Гитлер надеялся в ближайшие годы избежать войны с Англией и Америкой, ибо часть их населения, особенно в Англии, относилась к лучшим образцам арийской расы, и обрушить первый удар на Восток с двумя целями – сокрушить еврейский коммунизм, ограничить и по мере сил привести к ничтожеству грязных славян, а затем пробить путь в Тибет, в Индию, где ждала истинная мудрость древних магов. Но все это могло случиться только после того, как Третий рейх станет достаточно сильным, чтобы сокрушить Сталина, скорпиона, почти наверняка не лишенного доли еврейской крови, как то было и с их первым вождем – Лениным и всеми уничтоженными скорпионом вождями первого поколения. Гитлер понимал Сталина, видел даже порой аналогии в их политике и учитывал, так как считал себя, в отличие от Сталина, человеком гуманным и мудрым, его ошибки и слабости, чтобы их не повторять. В свое время французская революция погубила себя тем, что якобинцы перебили друг друга. То же пытается сделать Сталин. Гитлер уже помог ему, использовав патологическую подозрительность и трусость предводителя русской коммунистической банды, сожрать собственных генералов и маршалов. Но это лишь первый ход в игре.

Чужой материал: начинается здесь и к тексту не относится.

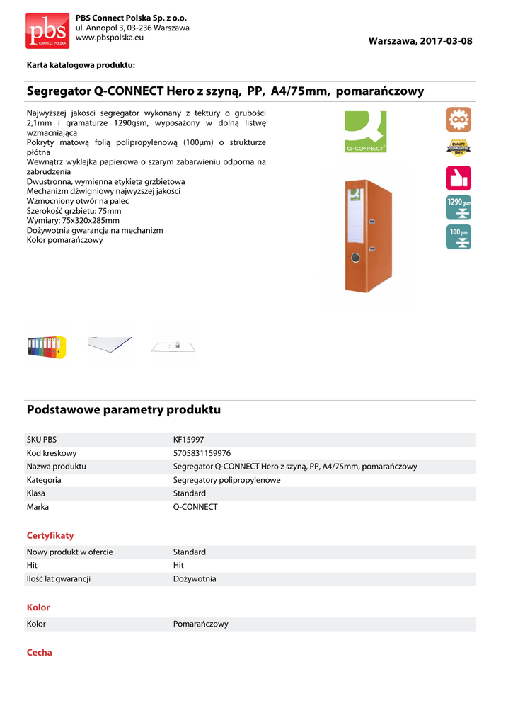 PBS Connect Polska Sp. z o.o. ul. Annopol 3, 03-236 Warszawa www.pbspolska.eu Warszawa, 2017-03-08 Karta katalogowa produktu: Segregator Q-CONNECT Hero z szyną, PP, A4/75mm, pomarańczowy Najwyższej jakości segregator wykonany z tektury o grubości 2,1mm i gramaturze 1290gsm, wyposażony w dolną listwę wzmacniającą Pokryty matową folią polipropylenową (100μm) o strukturze płótna Wewnątrz wyklejka papierowa o szarym zabarwieniu odporna na zabrudzenia Dwustronna, wymienna etykieta grzbietowa Mechanizm dźwigniowy najwyższej jakości Wzmocniony otwór na palec Szerokość grzbietu: 75mm Wymiary: 75x320x285mm Dożywotnia gwarancja na mechanizm Kolor pomarańczowy Podstawowe parametry produktu SKU PBS KF15997 Kod kreskowy 5705831159976 Nazwa produktu Segregator Q-CONNECT Hero z szyną, PP, A4/75mm, pomarańczowy Kategoria Segregatory polipropylenowe Klasa Standard Marka Q-CONNECT Certyfikaty Nowy produkt w ofercie Standard Hit Hit Ilość lat gwarancji Dożywotnia Kolor Kolor Cecha Pomarańczowy PBS Connect Polska Sp. z o.o. ul. Annopol 3, 03-236 Warszawa www.pbspolska.eu Warszawa, 2017-03-08 Karta katalogowa produktu cd. Segregator Q-CONNECT Hero z szyną, PP, A4/75mm, pomarańczowy Podstawowe parametry produktu Produkt Segregator Typ A4/75 Rodzaj Okleinowane Kieszenie Na grzbiecie Materiał Tektura/pp Listwa wzmacniająca Z listwą W ofercie od 2013-01 Etykieta Dwustronna Okleina Jednostronna Wymiary Gramatura (g/m2) 1290 Grubość (mm) 100µm Karton (mm) 2,1 Szerokość (mm) 75 Wymiary (mm) 75x320x285 Format A4 Wspólny słownik zamówień CPV 30199500-5 Segregatory, pudełka na listy, pudełka do przechowywania i podobne wyroby Jednostki logistyczne Opakowanie 1 25 szt Opakowanie 2 600 szt

Сейчас, после успеха в Мюнхене, после аншлюса Австрии и присоединения Чехословакии и Мемеля, наступает пора решительных мер.

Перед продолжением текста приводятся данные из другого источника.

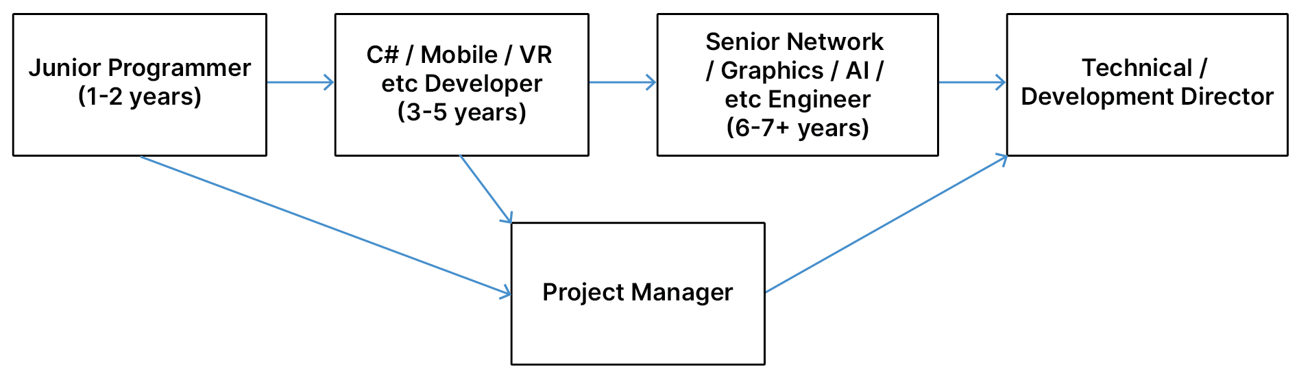 Professionals in Programming roles tend to begin as junior programmers or analysts. They might specialize in a particular platform (e.g., mobile developer) or discipline (e.g., network engineer) as they gain more experience. They may eventually find opportunities to become technical or development directors. People who begin in development can also pursue careers in product or project management.

Весной 1939 года Гитлер уже знал, что следующим шагом на его пути станет еврейско-славянская Польша, ненавистная еще с Первой мировой, унизившая Германию, отобрав с помощью Франции ее исконные восточные земли. Польша нужна не сама по себе. Польша – это лишь плацдарм для покорения России. Хотя надо будет любой ценой добиться на этом этапе благожелательного нейтралитета Сталина. И Гитлер верил в то, что ему снова удастся обвести вокруг пальца этого кавказского бандита, неспособного подняться над сегодняшней выгодой и сегодняшними страхами. Он же рожден восточным базаром – ему надо показать пачку денег, и тогда все вино – ваше.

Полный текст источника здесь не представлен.